(Problem to work on): With the pictures omitted, repeat exactly the lines below starting with the line that has "Drifter Karen |" and going on through the line that has "Skræl rødbeder, gulerødder, pastinak".

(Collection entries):
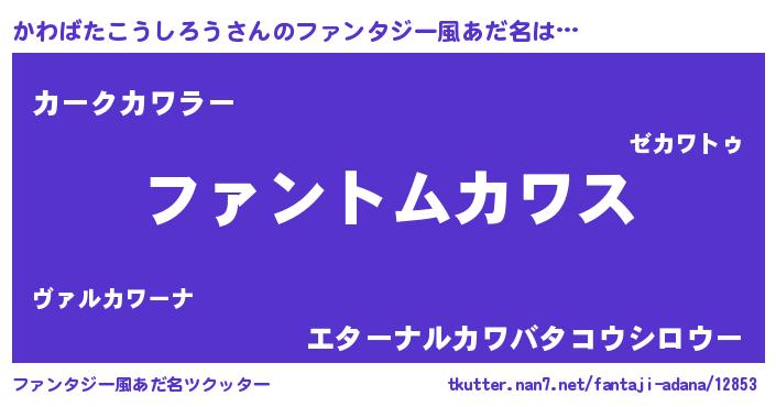 | 女子向けラノベタイトル風あだ名 | 『かわばたこうしろうは平凡を望む』 |
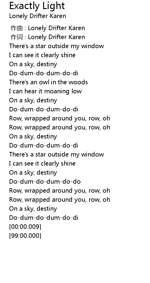 | [00:00.03] | 作词 : Lonely Drifter Karen |
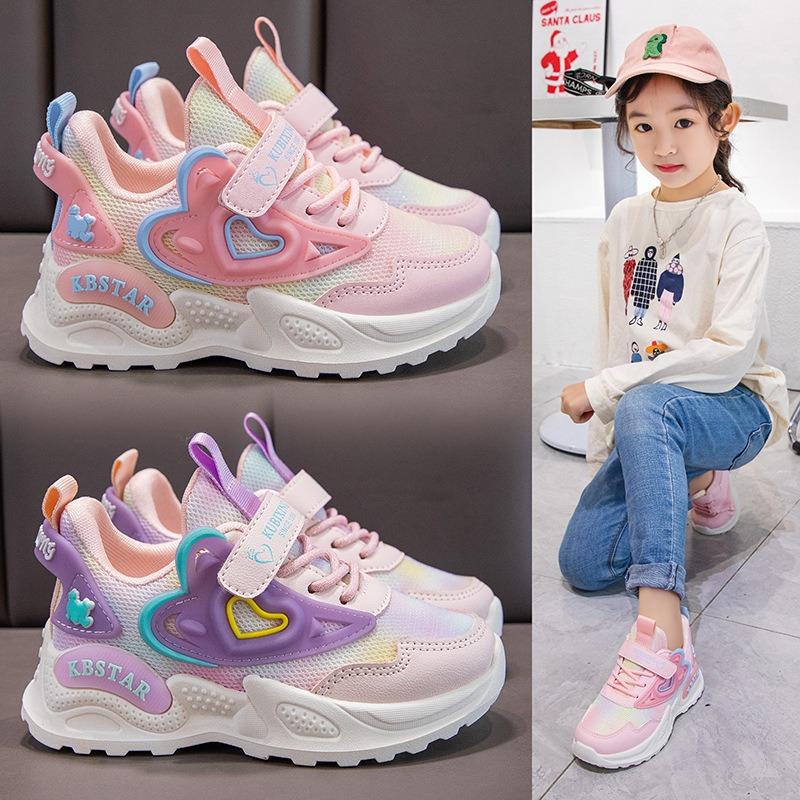 Спортивная обувь для девочек с двойной сеткой, весна и осень, новая удобная повседневная обувь для начальной школы, детская обувь, кроссовки с мягкой подошвой для детей
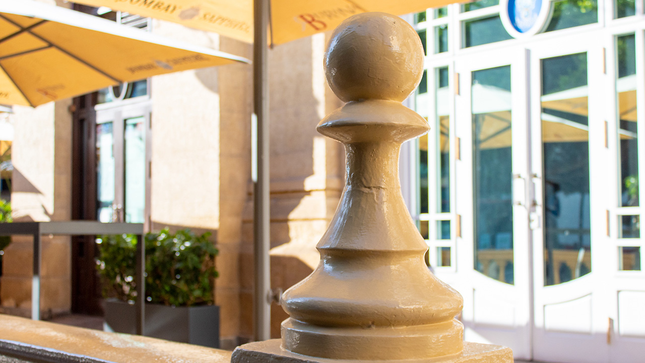 La balaustrada exterior a nivel de calle está decorada con jarrones y peones que no son parte del diseño original, sino que se añadieron en los años 1970 en simbolismo de los campeonatos de ajedrez que se disputaban en el lugar.
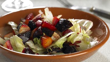 Skræl rødbeder, gulerødder, pastinak og rødløg og skær dem i lidt grove stykker. Smør en bradepande med lidt olie. Kom urterne i og bland dem med olie og salt. Sæt dem i ovnen 20 min. ved 200°. Skær æblerne i både og bland dem med grønsagerne. Sæt dem tilbage i ovnen 5 min. Bland dressingen og skær salaten i smalle både. Bland grønsager og salat. Hæld dressingen over og server med det samme.
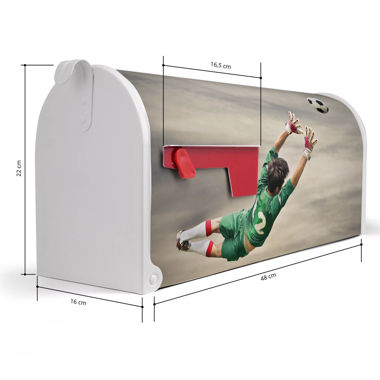 Der amerikanische Briefkasten von banjado mit Abgewehrt Motiv bietet Ihnen ausreichend Fassungsvermögen, um große A4 Sendungen und Zeitschriften zu empfangen. Die typisch amerikanische rote Fahne zeigt Ihnen an, wenn Sie Post erhalten haben. Die US-Mailbox besteht aus verzinktem Stahlblech welches lackiert wurde und ist 48 x 22 x 16 CM (BxHxT) groß. Die Folie mit Motiv Abgewehrt besteht aus einer wetter- und UV-resistenten Folie, die mit einem Schutzlaminat überzogen ist, sodass die US Mailbox zusätzlich vor Kratzern geschützt ist. An der Unterkante sind 4 Löcher je Seite um die Mailbox, typisch amerikanisch, an einem Holzpfahl oder einem Zaun zu befestigen. Auf Wunsch können Sie bei uns den passenden Standfuß oder die passende Wandhalterung kaufen um die US-Mailbox sicher zu befestigen. Wir bieten Ihnen ebenfalls Namensschilder, bereits beschriftet oder frei zu beschriften, und verschiedene selbst gestaltete Bitte-Keine-Werbung-Aufkleber.

(Reply):
 | [00:00.03] | 作词 : Lonely Drifter Karen |
 Спортивная обувь для девочек с двойной сеткой, весна и осень, новая удобная повседневная обувь для начальной школы, детская обувь, кроссовки с мягкой подошвой для детей
 La balaustrada exterior a nivel de calle está decorada con jarrones y peones que no son parte del diseño original, sino que se añadieron en los años 1970 en simbolismo de los campeonatos de ajedrez que se disputaban en el lugar.
 Skræl rødbeder, gulerødder, pastinak og rødløg og skær dem i lidt grove stykker. Smør en bradepande med lidt olie. Kom urterne i og bland dem med olie og salt. Sæt dem i ovnen 20 min. ved 200°. Skær æblerne i både og bland dem med grønsagerne. Sæt dem tilbage i ovnen 5 min. Bland dressingen og skær salaten i smalle både. Bland grønsager og salat. Hæld dressingen over og server med det samme.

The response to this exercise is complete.